Fakt Marathi Enterr10 MD Shirish Pattanshetty, however, says that the dubbing industry is making use of some other sectors to survive.

"As far as industry norm goes people have been deferred from operating dubbing studios but some large corporates are using dubbing to their benefit to tap various content for different languages to ensure there is freshness in the content to cater to the audiences so that the retention level is high," he says.

As the lockdown continues, no new episodes are being made. So, Pattanshetty thinks that the second-best option would be to dub the existing projects into native languages that are demanded by the audiences. He also believes that dubbing content is a beter option that showing OTT shows on TV.

On the contrary, subtitling is happening with the help of cloud-based platforms where artists are translating the content and sharing on the platform. The cloud-based solutions enable them to download and transfer easily and quality issues do not come into play like they do for audio in dubbing.

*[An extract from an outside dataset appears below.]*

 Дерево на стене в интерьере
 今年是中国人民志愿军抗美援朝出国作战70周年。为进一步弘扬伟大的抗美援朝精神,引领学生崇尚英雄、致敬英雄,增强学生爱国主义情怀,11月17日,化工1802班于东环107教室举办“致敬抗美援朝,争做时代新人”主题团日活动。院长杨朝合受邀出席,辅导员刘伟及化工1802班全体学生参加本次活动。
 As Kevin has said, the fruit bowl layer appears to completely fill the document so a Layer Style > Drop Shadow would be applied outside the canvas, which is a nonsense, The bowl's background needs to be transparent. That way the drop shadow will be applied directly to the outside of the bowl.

Cloud-based solutions enable editors also to work from home as long as they have stable broadband connectivity. Prime Focus Technologies has a cloud-based solution on its flagship product called CLEAR for content sharing, viewing and reviewing of the same at the other end. For localization, the options of reviewing multi-language audio tracks without creation of additional video screeners is a lifesaving facility. "Ability to give access through independent user IDs with watermarking of the content ensures online viewing of the files without having to send them to any one separately," Doshi adds.

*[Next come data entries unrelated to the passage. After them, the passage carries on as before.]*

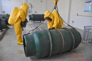 在總指揮趙建同志的哨響聲下,應(yīng)急救援演練活動正式開始。氯氣泄漏事故模擬現(xiàn)場煙霧彌漫,漏氯泄漏報警儀發(fā)出尖銳的報警信號,現(xiàn)場指揮人員立即發(fā)出指令,啟動緊急處置預(yù)案。警戒疏散小組、搶修小組、消防小組各組成員第一時間趕到事故現(xiàn)場,搶修人員迅速穿好防化服進(jìn)入氯庫,將氯瓶的泄漏點封住,放置于堿池中,防止氯氣繼續(xù)泄漏造成更大的危險。與此同時,警戒疏散小組設(shè)立崗哨,拉起警戒線,負(fù)責(zé)氯瓶間工作人員安全撤離。消防小組啟用消防水管噴灑大量水,稀釋空氣中的氯氣,防止空氣中的氯氣含量超標(biāo)發(fā)生二次傷害。此次演練行動迅速,全程用時16分鐘,有效處理了氯氣泄漏,取得了預(yù)期效果。
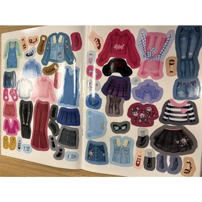 Grāmatā iekļautas vairāk nekā 100 atkārtoti lipināmas uzlīmes, ar kuru palīdzību var ietērpt 28 modeles. Grāmatas ievaddaļā sniegti arī stila veidošanas ieteikumi.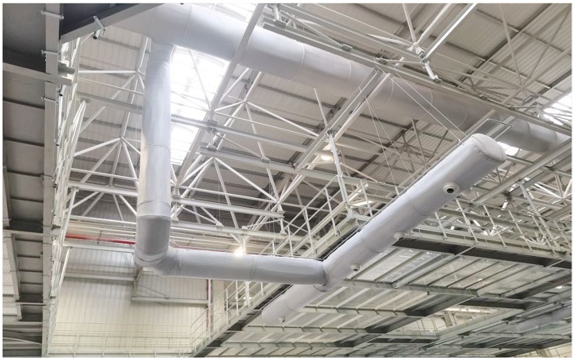 根据长安汽车规划要求,园区建设主打“绿色低碳”的环保理念,索斯风管为该项目提供柔性风管系统解决方案, 风管供货面积达40000㎡。覆盖总装、焊装、冲压三个主要厂房。
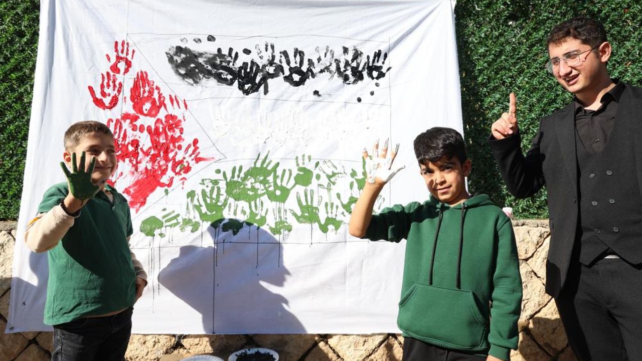 Eğil Belediyesi tarafından İsrail'in saldırılarına tepki göstermek ve yaşanan zulme dikkati çekmek amacıyla "Filistin için sen de iz bırak" etkinliği yapıldı. Etkinliğe katılan öğrenciler, kırmızı, siyah ve yeşile boyadıkları parmaklarını ve ellerini kumaştan oluşturulan panoya basarak Filistin bayrağını simgeleyen çalışma ortaya çıkardı.
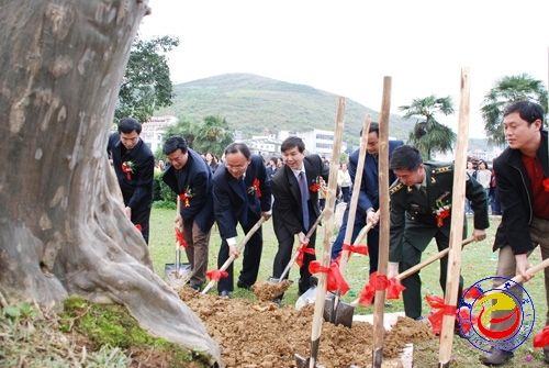 随后,在阵阵掌声与礼炮声中,学校领导和花垣县领导一起为紫薇树培土。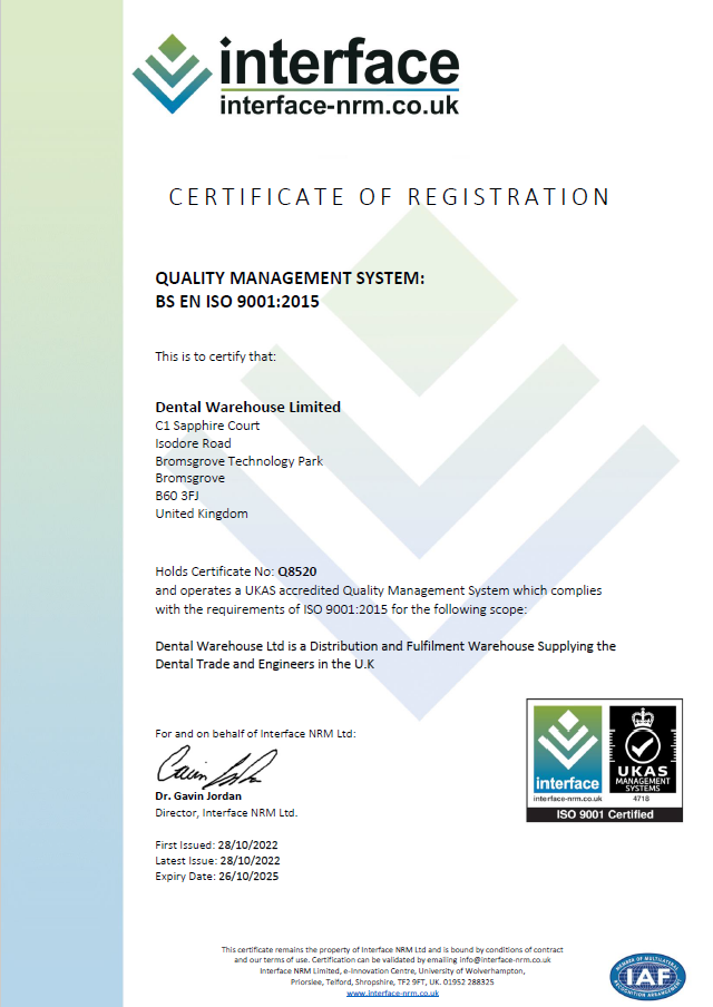 Huge efforts are made to stock and supply from reputable manufacturers whose factories are certified with ISO and all products are CE marked. These long term relationships with major manufacturers go back to the very start and Dental Warehouse is proud to be regarded by these companies as their main stockist in the UK.

While different states are mulling over various lockdown-lifting strategies, Bhatia says, “We have to wait till the government grants permission to resume work. We work with a lot of professional dubbing artists but due to the lockdown most of them are in their hometown. So, we are waiting for permission so that people could travel. As of now we are completely clueless what is going to happen next.”

Pattanshetty thinks that even if Mumbai  remains shut there would be dubbing studios based out of Pune, Kolhapur or Sangli who could ensure work is delivered to other connecting places. If Delhi becomes fully functional, Hindi content can take help from Delhi studios.

Bhatia also points out that even after the lockdown is lifted clients will cut down the numbers of hours of dubbing. As cost-cutting measures, they might want to have only 20 hours of dubbed content rather than 50 hours.

Joseph says, "We are currently suffering as there is no payment coming in. Initially, we would be finishing three to four movies a month and now we are restricted to just one."

In a recent announcement, Kerala cultural affairs minister AK Balan  said that the Malayalam film industry will soon resume the post-production work of pending films. Meanwhile, FEFSI association president RK Selvamani has requested the Tamil Nadu government to grant them the permission to resume post-production works such as dubbing, re-recording and editing for films and TV soaps. Additionally, the Karnataka government has also granted indoor shoot permission with minimal 18 to 20 people. While there were rumours that the Maharashtra government was likely to give some leeway, the sudden spurt in the number of cases has closed that door.

ZEEL executive vice president and cluster head South business Siju Prabhakaran says, “We are waiting for the Maharashtra government to grant permission to resume post-production work. In the meantime it is a good opportunity for people to use footages of short-form content which is pending for a long time.”

Although new shows are not in production, ZEEL says it has certain shows as backup which will be used in the content pipeline for future. Prabhakaran adds that audiences know short-form content are sometimes shot on the phone and there is a possibility that it will have a technical snag. As far as a proper TV serial or a film is concerned, it requires a dubbing studio.

For now, the dubbing industry doesn't have a way out and industry players are waiting for a revival strategy.